Stored data:
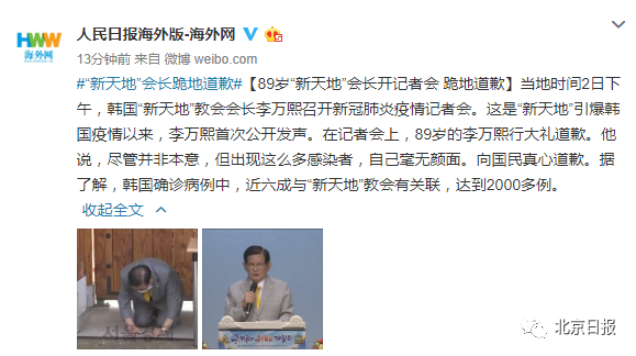 89岁新天地教会会长跪地道歉,韩两千多确诊病例与该教会有关
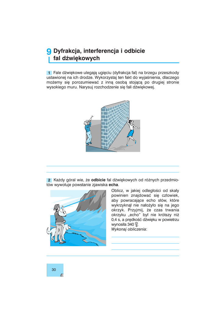 9 Dyfrakcja, interferencja i odbicie fal dêwi´kowych 1 Fale dêwi´kowe ulegajà ugi´ciu (dyfrakcja fal) na brzegu przeszkody ustawionej na ich drodze. Wykorzystaj ten fakt do wyjaÊnienia, dlaczego mo˝emy si´ porozumiewaç z innà osobà stojàcà po drugiej stronie wysokiego muru. Narysuj rozchodzenie si´ fali dêwi´kowej. 2 Ka˝dy góral wie, ˝e odbicie fal dêwi´kowych od ró˝nych przedmiotów wywo∏uje powstanie zjawiska echa. Oblicz, w jakiej odleg∏oÊci od ska∏y powinien znajdowaç si´ cz∏owiek, aby powracajàce echo s∏ów, które wykrzyknà∏ nie na∏o˝y∏o si´ na jego okrzyk. Przyjmij, ˝e czas trwania okrzyku „echo” by∏ nie krótszy ni˝ 0,4 s, a pr´dkoÊç dêwi´ku w powietrzu wynosi∏a 340 m –s. Wykonaj obliczenia: 30 Odpowiedê: Aby cz∏owiek us∏ysza∏ powracajàce echo s∏ów, które wykrzyknà∏ powinien znajdowaç si´ w odleg∏oÊci m od skalnej Êciany. 3 Nak∏adanie si´ dêwi´ków powracajàcych po odbiciu od ró˝nych przedmiotów na dêwi´ki wytwarzane przez êród∏o nazywa si´ pog∏osem. WyjaÊnij, dlaczego zjawisko pog∏osu nie jest korzystne: a) w teatrze? b) w filharmonii? c) *Jak powinny byç budowane sale teatralne i koncertowe, aby przeciwdzia∏aç temu zjawisku? 4 Czas trwania pog∏osu w Baptysterium w Pizie (obok krzywej wie˝y na placu Miracoli), wynosi 20 sekund. Daje to niezwyk∏e wra˝enia dêwi´kowe; podczas demonstrowania tego efektu nie wolno klaskaç! Jakà odleg∏oÊç przebywa w tym czasie dêwi´k, wielokrotnie odbijajàc si´ od Êcian? Wykonaj obliczenia: Odpowiedê: 31
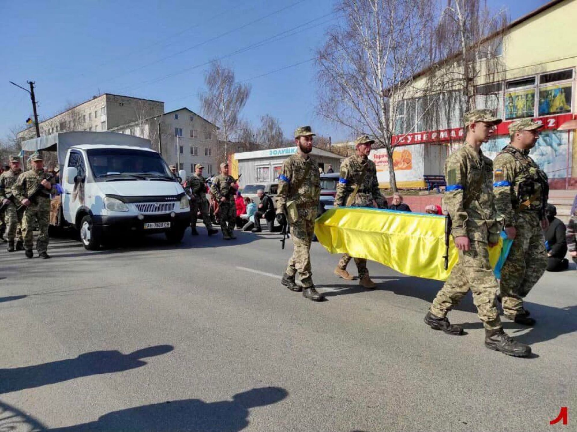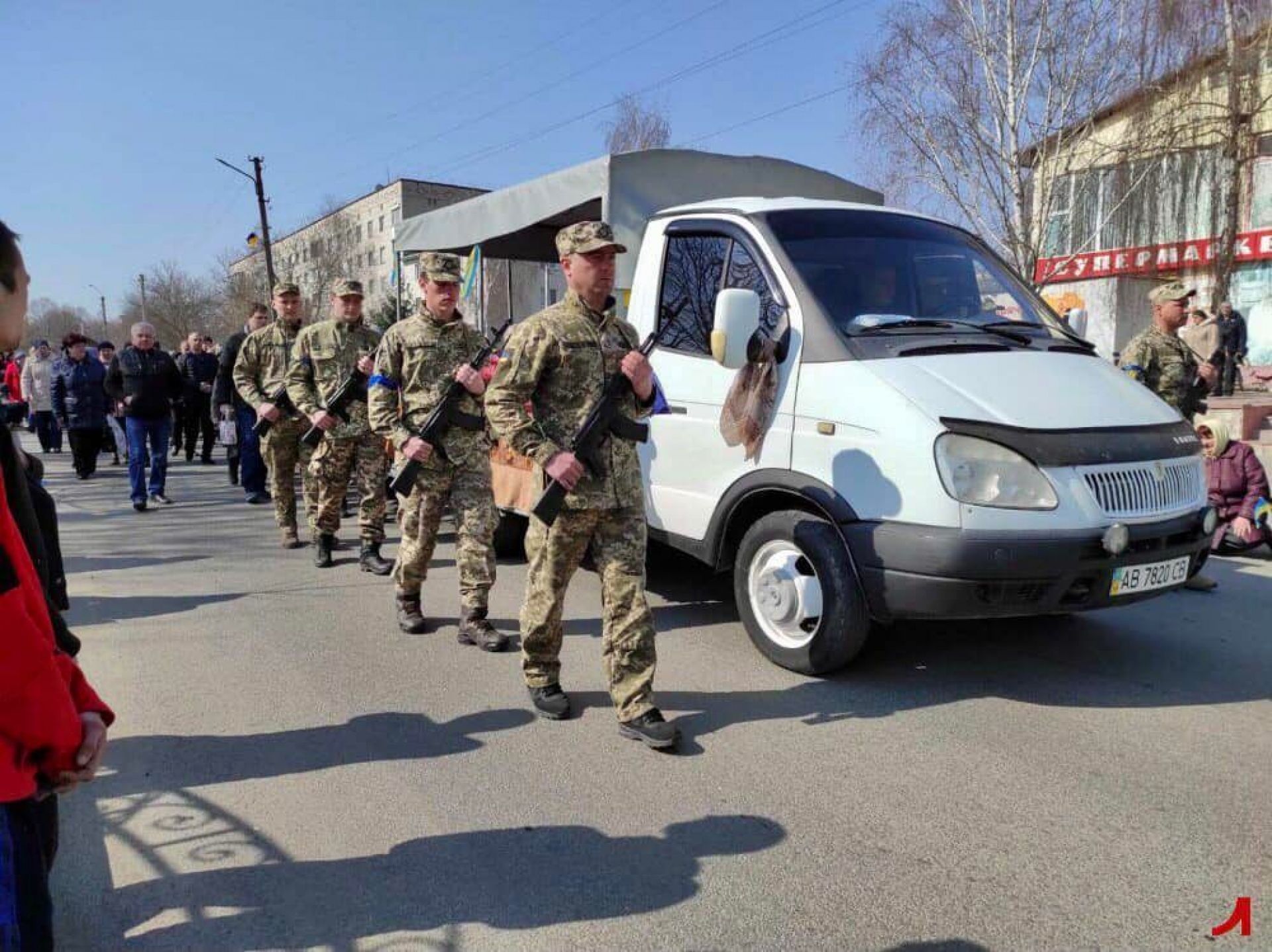 — Схиливши голови та ставши на коліна жителі громади засвідчили повагу мужньому воїну, — передає місцеве видання ladyzhyn.news. — Живий коридор утворився від міської лікарні вздовж вулиці Будівельників до головної площі міста, де об 11.00 почався траурний мітинг, панахида та церемонія прощання з полеглим героєм.
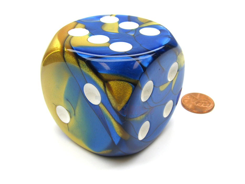 Gemini 50mm Huge Large D6 Chessex Dice, 1 Piece - Blue-Gold with White Pips
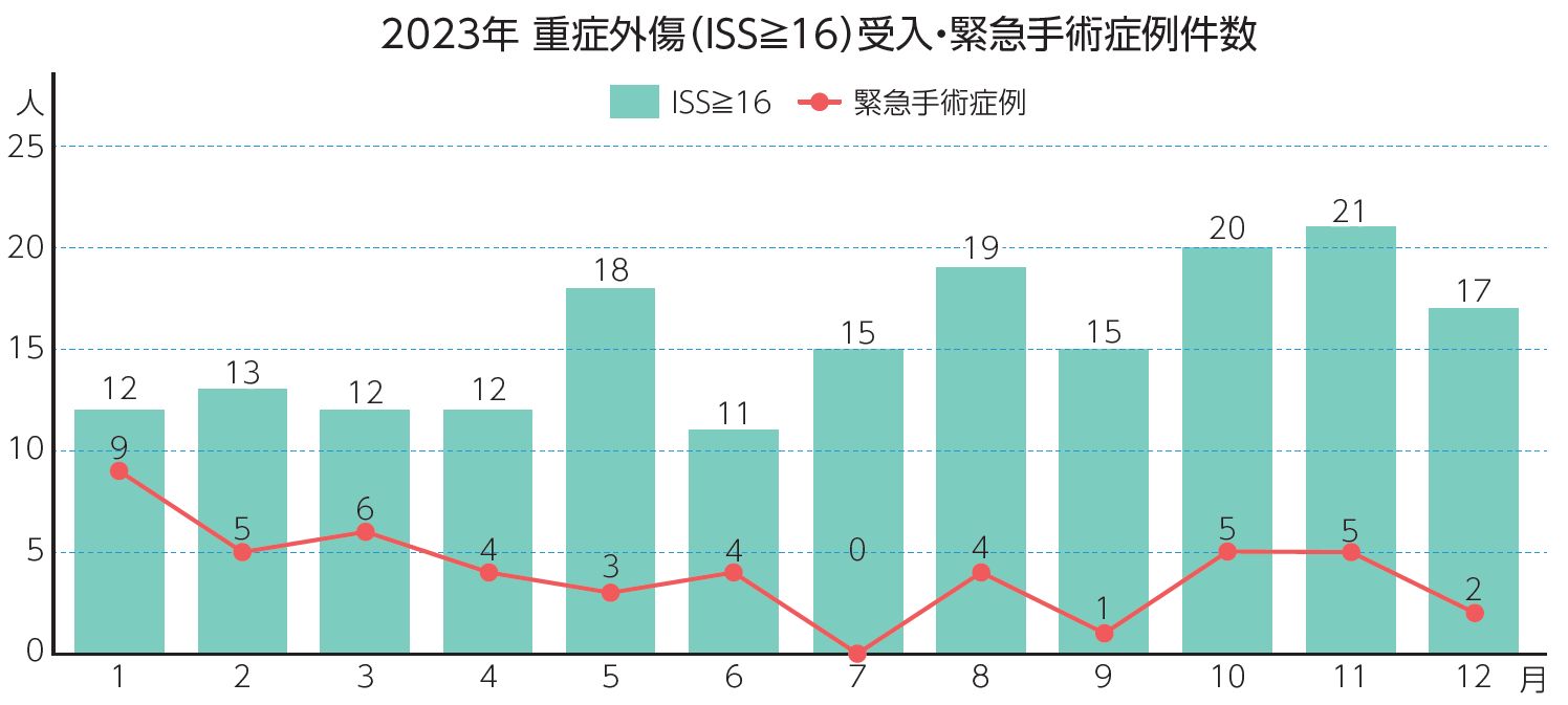 当院では、熊本県下の約1/3にあたる重症外傷患者の診療を担っています。これら多発外傷を含む重症外傷に対応すべく、高度な外傷蘇生を行って院内の外科、整形外科、脳神経外科などの外科系診療科と協働し、一連の流れでの外傷診療を行っています。このシームレスな外傷診療は、重症外傷患者の救命率向上に大きく貢献しており、高い救命率を維持しています。2020年4月からは、新たに「重症外傷センター」を設置し、病院前外傷診療から救急科と連携し外傷蘇生以降は集中治療科と協働することで、強化された外傷診療体制をセンター内に構築できたことにより、更なる救命率向上を図っていきます。
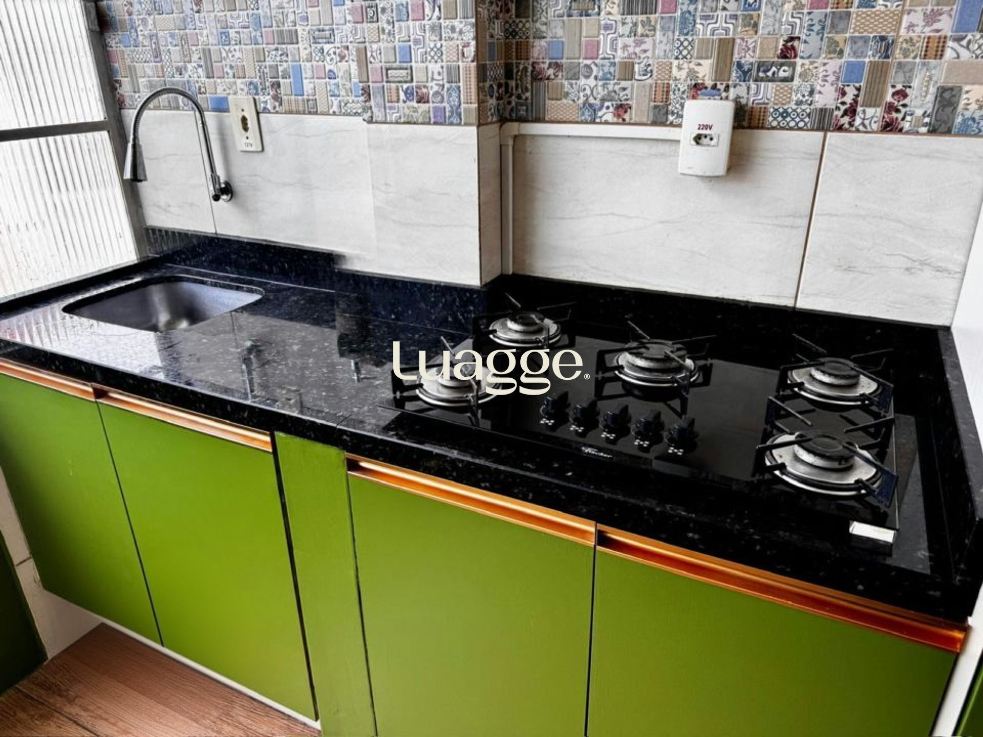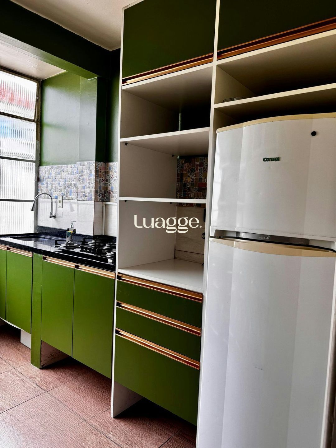 Sala/quarto amplo, iluminado, ventilado, com privacidade e vista aberta. Cozinha planejada e banheiro mobiliado, ambos com ventilação natural.

- TASK OBJECTIVE
Starting with the line that contains "Gemini 50mm Huge" and ending with the last line of the data above, transcribe exactly those lines and no others, without pictures.

- EXERCISE RESPONSE
 Gemini 50mm Huge Large D6 Chessex Dice, 1 Piece - Blue-Gold with White Pips
 当院では、熊本県下の約1/3にあたる重症外傷患者の診療を担っています。これら多発外傷を含む重症外傷に対応すべく、高度な外傷蘇生を行って院内の外科、整形外科、脳神経外科などの外科系診療科と協働し、一連の流れでの外傷診療を行っています。このシームレスな外傷診療は、重症外傷患者の救命率向上に大きく貢献しており、高い救命率を維持しています。2020年4月からは、新たに「重症外傷センター」を設置し、病院前外傷診療から救急科と連携し外傷蘇生以降は集中治療科と協働することで、強化された外傷診療体制をセンター内に構築できたことにより、更なる救命率向上を図っていきます。
 Sala/quarto amplo, iluminado, ventilado, com privacidade e vista aberta. Cozinha planejada e banheiro mobiliado, ambos com ventilação natural.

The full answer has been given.